The API 570-year 2018, I add in the paragraph 5.6.3 CML Allocation: sulfidation corrosion (provided that it is a uniform liquid phase with no naphthenic acid and the piping circuit does not contain low silicon CS, see 5.12 and API 939-C). In paragraph 5.12 he also cites the following: In lines in older process units operating above 500 °F (260 °C) and subject to sulfidation corrosion, carbon steel piping containing less than 0.1 wt % silicon can corrode at significantly higher rates than higher silicon carbon steels (modern “silicon-killed” process). For piping systems / circuits that have been identified in sulfidation corrosion service that may contain older low silicon carbon steels, consideration should be given to conducting inspection of each piping segment in order to identify the worst-case corrosion rate / limiting component.

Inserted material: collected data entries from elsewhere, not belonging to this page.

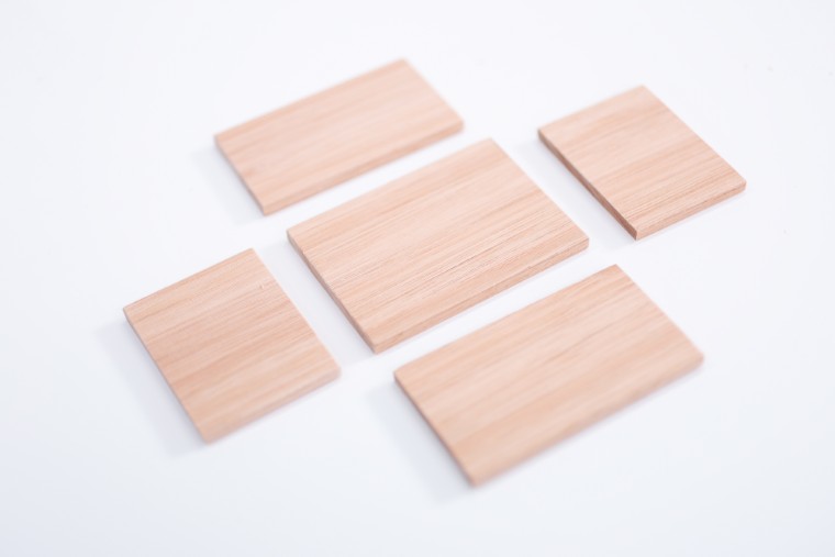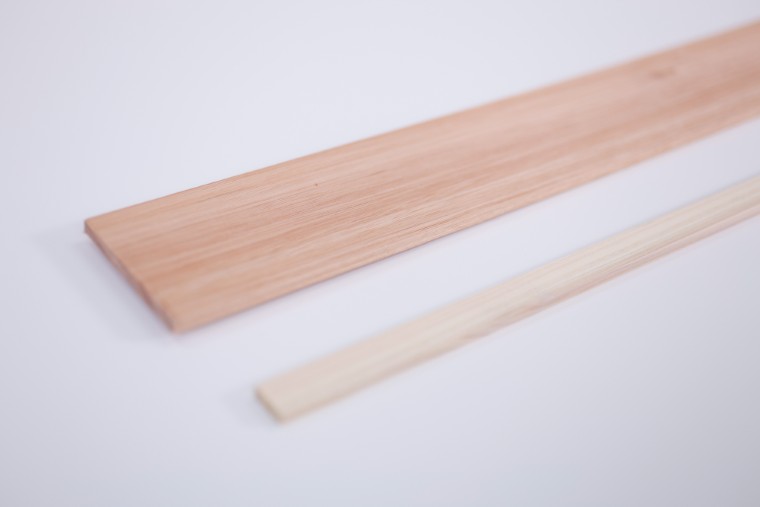 材料は、ユーカリ材:5×60×900mm、ヒノキ材:5×15×900mmの2種類を使用します。
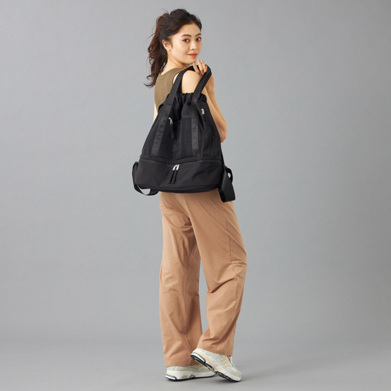 生地は吸水速乾、UV カット機能を備えており、ポケット布にはメッシュ素材を使用して汗をかくシーンや暑い季節までしっかりと対応し、オールシーズン快適にレッスンで使えるアイテム。
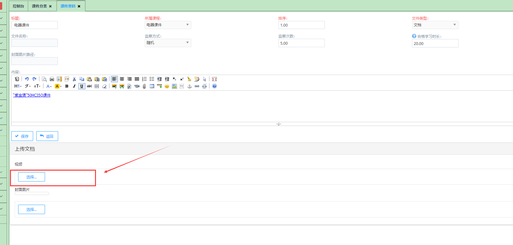 后台课件资料文档上传方式不对
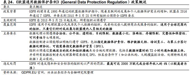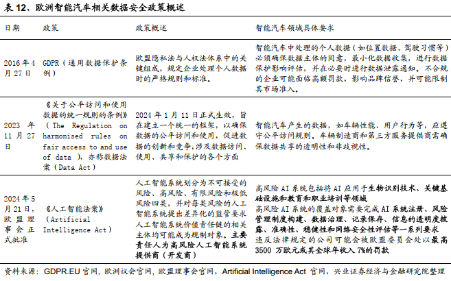 欧洲数据隐私政策我们在汽车行业的可持续政策中已经进行了基本介绍。其中最值的关注的是2018年5月25日正式施行的《欧盟通用数据保护条例》(General Data Protection Regulation,“GDPR”),以及2024年5月21日,欧盟理事会正式批准的《人工智能法案》。
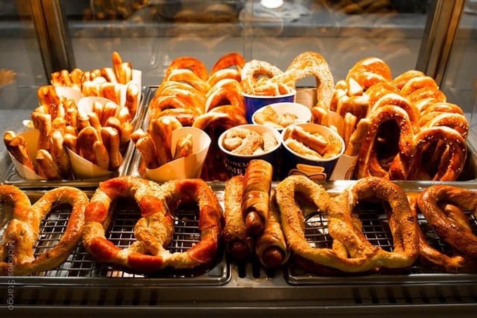 You ever been to a mall? There's probably an Auntie Anne's there. It's the pretzel place that is always there, smelling good. They have variations of pretzels such as pretzel dogs and pretzel nuggets and lemonade to wash it all down. A great snack. Reminds me of simpler times.

After about 1985 to 1990, most purchased pipe became double stamped, and hence the low-silicon issue diminished for piping purchased and installed after that time frame. Inspection techniques that can be useful for finding susceptible components under insulation include real time radiography, GWT, and PEC. Inspection plans for sulfidation corrosion should be in accordance with API 939-C.
An alert for users of refineries in the United States and the world that were built before 1985:
Carbon steel piping components in refineries throughout the U.S. are susceptible to highly variable sulfidation corrosion rates. Carbon steel piping is manufactured to meet certain specifications, including American Society for Testing and Materials (ASTM) A53B,17 ASTM A106,18 and American Petroleum Institute (API) 5L. ASTM A53B and API 5L do not contain minimum silicon content requirements for carbon steel piping, while ASTM A106 requires the piping to be manufactured with a minimum silicon content of 0.10 weight percent. As a result, manufacturers have used different levels of silicon in the carbon steel pipe manufacturing process.
Thus, sulfidation corrosion rates could vary depending on the manufacturing specification for silicon content in the carbon steel installed in refinery processes. In the mid- 1980s, pipe manufacturers began to simultaneously comply with all three specifications, so most carbon steel piping purchased since then for refinery operations likely has a minimum of 0.10 weight percent silicon content. However, over 95 percent of the 144 refineries in the U.S., including the Chevron Richmond Refinery, were built before 1985. Therefore, the original carbon steel piping components in these refineries likely contain varying percentages of silicon, so they may experience highly variable sulfidation corrosion rates.